Great haste makes (food) waste: hence, bioplastics comes into play.

Around 931 million tonnes of food goes to waste each year with 61% coming from households, 26% from food service and 13% from retail (World Economic forum). 17% of the food available for consumption in the world is wasted, a phenomenon that affects all countries beyond their wealth. In practice, 931 million tons in 2019 ended up in the waste bins of households, retailers, restaurants, and other food services, for a weight equivalent to that of 23 million fully-loaded 40-ton trucks. Globally, 121 kilograms of food are thrown away each year, with 74 kilograms at the household level – a waste that has extensive environmental, social, and economic impacts. Reducing them would lead to a cut in greenhouse gas emissions, slow down the destruction of nature through land conversion, increase the availability of food and therefore reduce hunger. Consumers today need substantial aid in order to reduce waste at home, particularly in the face of a situation that saw 690 million people affected by hunger in 2019 and is likely to increase due to the Covid health emergency. Hand-in-hand with this issue, a total of 3 billion people also cannot afford a healthy diet. Countries can raise the level of climate challenges by including food waste in national contributions to the Paris Agreement, strengthening food security and reducing costs for families (UNEP Food Waste Index Report 2021). From the table below it is possible to identify the  unequal distribution of food waste between countries if these are divided into separate income groups.

Number of countries with measured data points, by World Bank income classification, source : UNEP

Delving deeper, it is additionally possible to see how food waste is distributed in Europe, specifically on a regional basis. As clearly visible, waste continues to have a positive correlation with the country’s income, as northern Europe is richer than the rest.
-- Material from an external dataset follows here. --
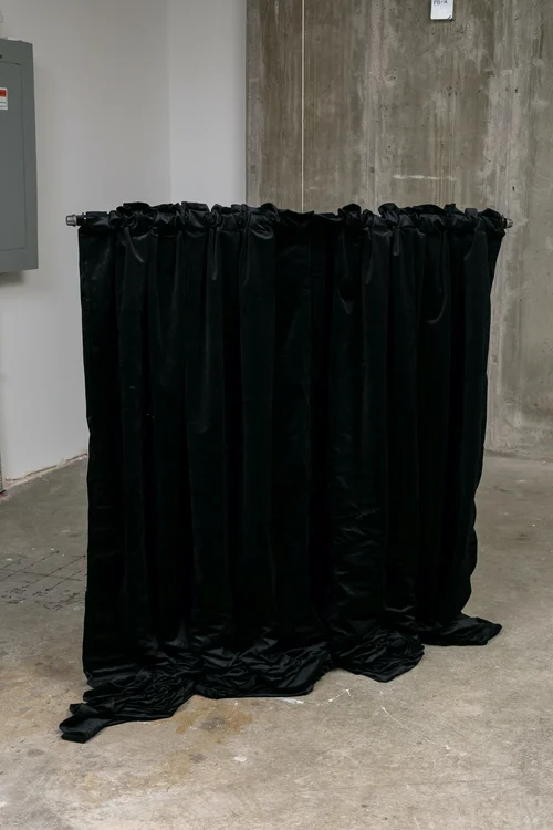 Curtain Lift/Curtain Drop, operates within a system that is contentious. As the curtain labors upward, the anticipation of reaching the top rises in the viewer, culminating in a stagnant curtain. This implied stability is ultimately withdrawn as the curtain falls and the process begins again, becoming both untenable and unsustainable.

Data coverage in Europe, by sector and sub-region, source : UNEP

Old faces, new places: meet bioplastics

Food waste derives from all stages of the food supply chain. In the European Union  millions of tons of food waste are generated every year, a large part of which derives from the food sector (RSCPublishing). Thus, converting it into value-added chemicals can be a great asset in the achievement of sustainability. A very valid solution is represented by bioplastics. These can be defined as “not just one single material. They comprise a whole family of materials with different properties and applications. […] a plastic material is defined as a bioplastic if it is either biobased, biodegradable, or features both properties” (European-Bioplastic). It can be therefore said that bioplastic is a plastic material derived from renewable or biodegradable sources. The decomposition time of bioplastic varies greatly depending on the starting materials and the composting conditions. In humid environments such as special composters, bioplastic can biodegrade within a few months, however, in dry environments and with the appropriate treatments, bioplastics can ensure excellent sealing (Riccardo spaccini et al). In the figure below, bioplastics are represented based on their biodegradability or bio-based content.

Material coordinate system of bioplastics, source : Euro-Bioplastics.org

There are many types of bioplastics on the market. Some examples of bioplastics are those obtained from food crops such as corn starch, wheat, tapioca, potatoes; biodegradable bioplastics for industrial plastic applications (API); poly bioplastics, obtained from sugars; PHA polyhydroxyalkanoates and derivatives: polyhydroxy butyrate, polyhydroxy valerate, polyhydroxy hexanoate; cellulose-based bioplastics as bigrade. The means of possible application of bioplastics is endless; just like the less ethical little sister – derived from petroleum, the classic plastics – bioplastics have captured the attention of various industries – from the agricultural sector to the automotive. 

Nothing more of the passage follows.